City of Lei Tabor
- Cover by Kevin Siembieda
- Designers: Paul Nevins; Bill Faust;
- Publishers: Judges Guild
- Publication: 1980; 45 years ago
- Genres: Fantasy
- Systems: Basic Role-Playing

= City of Lei Tabor =

Tabletop fantasy role-playing game adventure

City of Lei Tabor is a 1980 fantasy role-playing game supplement published by Judges Guild for RuneQuest.

==Contents==
City of Lei Tabor is a supplement that describes a city state. It includes four maps. It describes many locations in the small city.

The book is an RQ2 Gateway campaign setting that details a feudal duchy, such as its stores and inns, and its cults and temples, as well as its rulers and inhabitants. It also presents short scenarios and details on new cults.

The book includes a list of non-player characters in the city, including residents, guards, and priest. The city is located in Glorantha. Several religious groups are included, most of which are new.

The book includes the plan for a small fortified town, detailing its military force. It includes maps of the territory around the town. The town is ruled by the Ducal House of Lei, what remains of an imperial line. The duchy extends beyond the city, with its militia to defend against bandits. The duke is a Rune Lord and head of the Lei Kung cult, and his adventurer daughter disappeared in the wilderness while his four sons are still in town. The ducal guards are called the Hammers of Kung. The thieves guild T'sei is another cult in the city.

==Publication history==
City of Lei Tabor was written by Paul Nevins and Bill Faust, with illustrations by Kevin Siembieda, and was published by Judges Guild in 1980 as a 96-page book. It contains illustrations by Siembeida, Aaron Archero, and Bill Faust.

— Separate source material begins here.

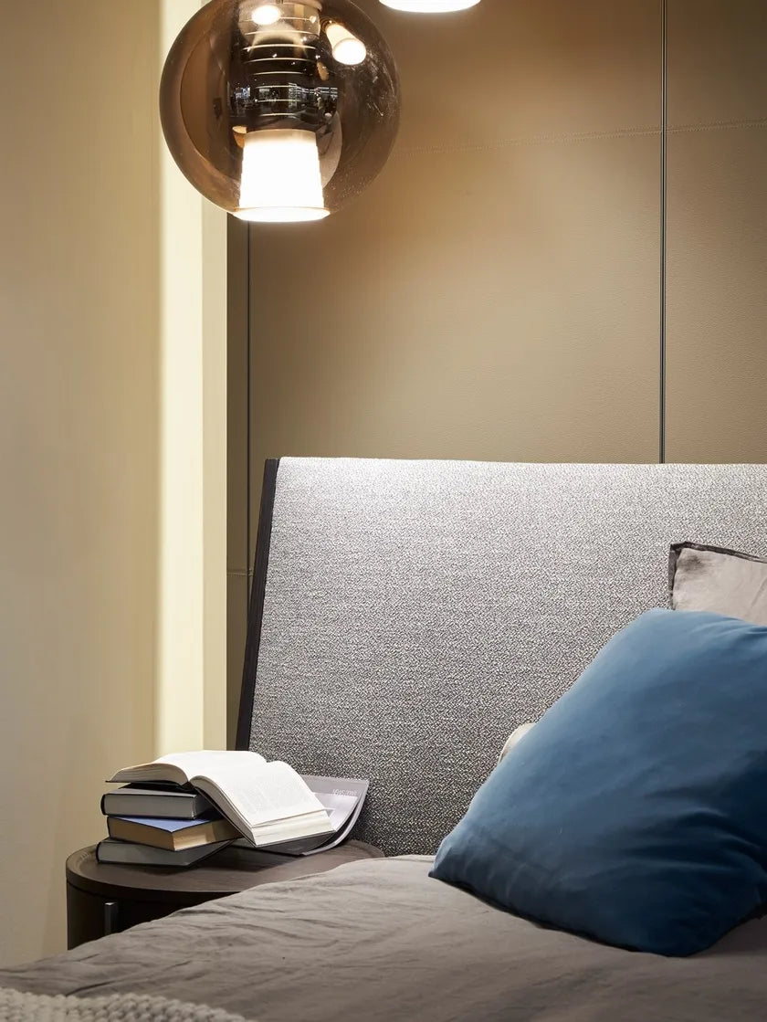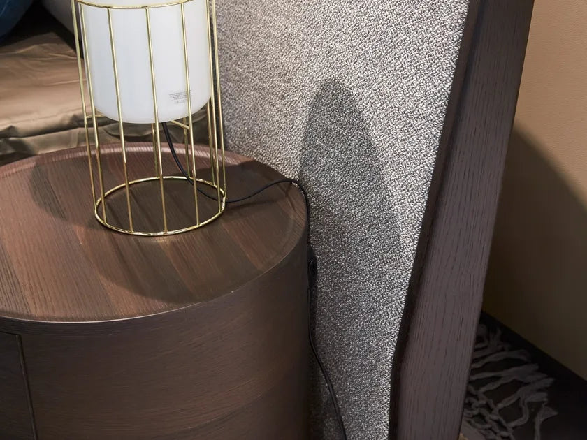 The bed features a refined blend of crafted wood framing and sculpted fabric volumes. Its large winged headboard creates an enveloping feel, paired with a soft and elegant textile base. Wood and fabric are combined with precision, and the entire piece comes with removable covers. Accessories and benches complement the design, making it suitable for modern interiors.

It is a supplement for RuneQuest for two or more players.

==Reception==
Forrest Johnson reviewed City of Lei Tabor in The Space Gamer No. 32. Johnson commented that "Unless you are rich or hard up for a RuneQuest city, this supplement is not worth [the price]."

William Fawcett reviewed City of Lei Tabor in The Dragon #44. Fawcett commented that "There is really little to add in describing this module other than to observe that what it does — present interesting characters for the players to interact with — it does well."

Anders Swenson reviewed City of Lei Tabor for Different Worlds magazine and stated that "Lei Tabor could be transplanted into any world to be the 'town' from which most adventures start. With the publication of this book, many RQ referees will never have to write out an NPC soldier again, ever. This book should be in the library of all ambitious RQ players."